Die Rechtsprechung unterstreicht die Notwendigkeit präziser Beweisführung und die genaue Unterscheidung juristischer Kategorien, um Ansprüche erfolgreich durchzusetzen.
Benötigen Sie Hilfe?
Stehen Sie nach einem Fahrzeugkauf vor Problemen mit arglistiger Täuschung oder Anfechtung? Kontaktieren Sie uns für eine erste Einschätzung Ihres Falls.
Das Urteil in der Praxis
Was auf den ersten Blick wie ein kleiner Fall von nebenan wirkt, ist in Wahrheit eine knallharte Lektion über die Tücken der Beweislast bei „Arglist“. Dieses Urteil unterstreicht gnadenlos: Ein nicht gehaltenes Versprechen ist noch lange keine arglistige Täuschung.
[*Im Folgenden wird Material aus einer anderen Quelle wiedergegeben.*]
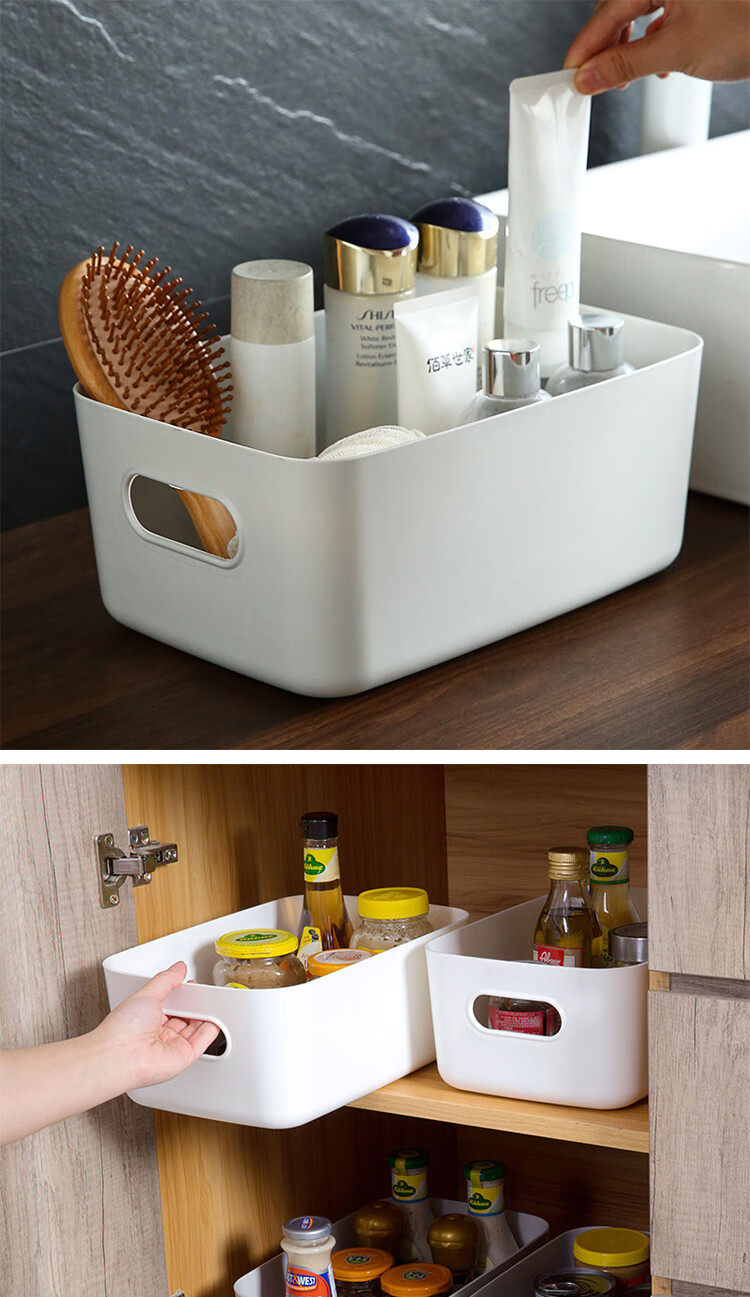 本所 日式桌面收纳盒办公桌整理箱储物箱家用收纳筐浴室用品盒子内衣收纳箱收纳篮化妆品首饰储物盒药盒 中号白色1只(25*16.5*10cm)
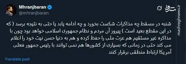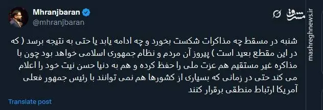 به گزارش مشرق، رنجبران در توئیتری نوشت:
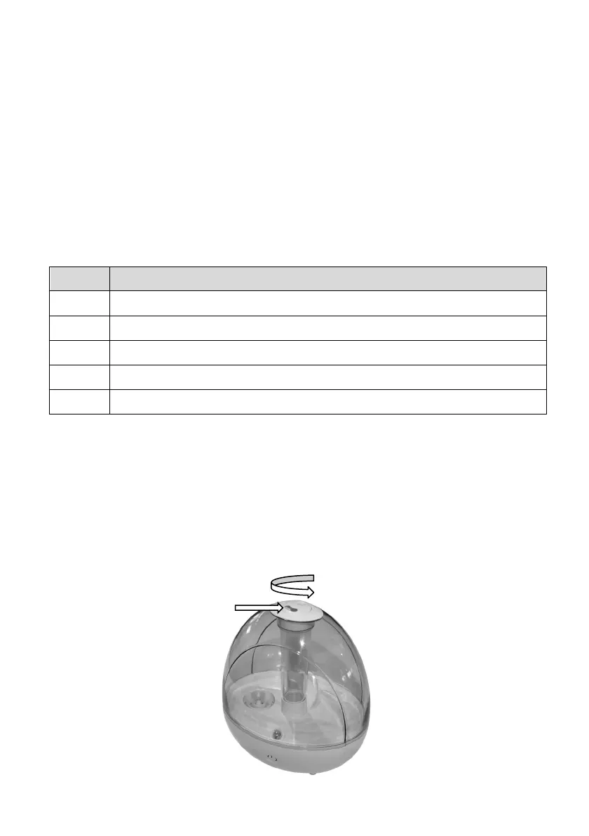 3 Press the On / Off Button again – High Mist Rate plus Night Light On
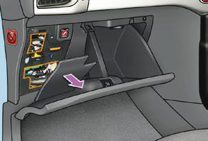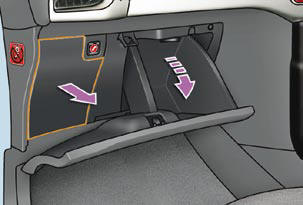 The extraction pliers and the spare fuse storage locations are fi tted to the back of the dashboard fusebox cover.

Wer Betrug vorwirft, muss beweisen, dass der andere schon bei Vertragsschluss die klare Absicht hatte, zu lügen – und das ist ein schier unmögliches Unterfangen, wenn es um künftige Zusagen geht. Für die Praxis bedeutet das: Augen auf und alles Wichtige schriftlich fixieren, denn die Gerichte schauen auf knallharte Fakten, nicht auf enttäuschte Erwartungen.
Häufig gestellte Fragen (FAQ)
Wann ist mein Autokauf eine arglistige Täuschung und kein einfaches Versprechen?
Ein ‚einfaches Versprechen‘ beim Autokauf wird erst zur arglistigen Täuschung, wenn der Verkäufer bereits zum Zeitpunkt des Vertragsschlusses wusste, dass er dieses Versprechen niemals einhalten kann oder will, und Sie dies gerichtlich beweisen können. Der entscheidende Punkt ist die Vorsatz-Komponente, die den Unterschied macht.
Sie fühlen sich betrogen, weil Ihr Traum-Oldtimer ein Wrack ist? Juristen verstehen das gut. Doch das Gesetz macht klare Vorgaben: Für eine arglistige Täuschung zählt allein die Absicht des Verkäufers genau im Moment des Kaufvertrages. Ein späteres Scheitern seiner Zusage oder ein miserabler Zustand bei Übergabe sind allein kein Beweis für anfängliche Täuschungsabsicht. Ohne stichhaltige Beweise für diese ‚innere Haltung‘ des Verkäufers zerfällt der Vorwurf.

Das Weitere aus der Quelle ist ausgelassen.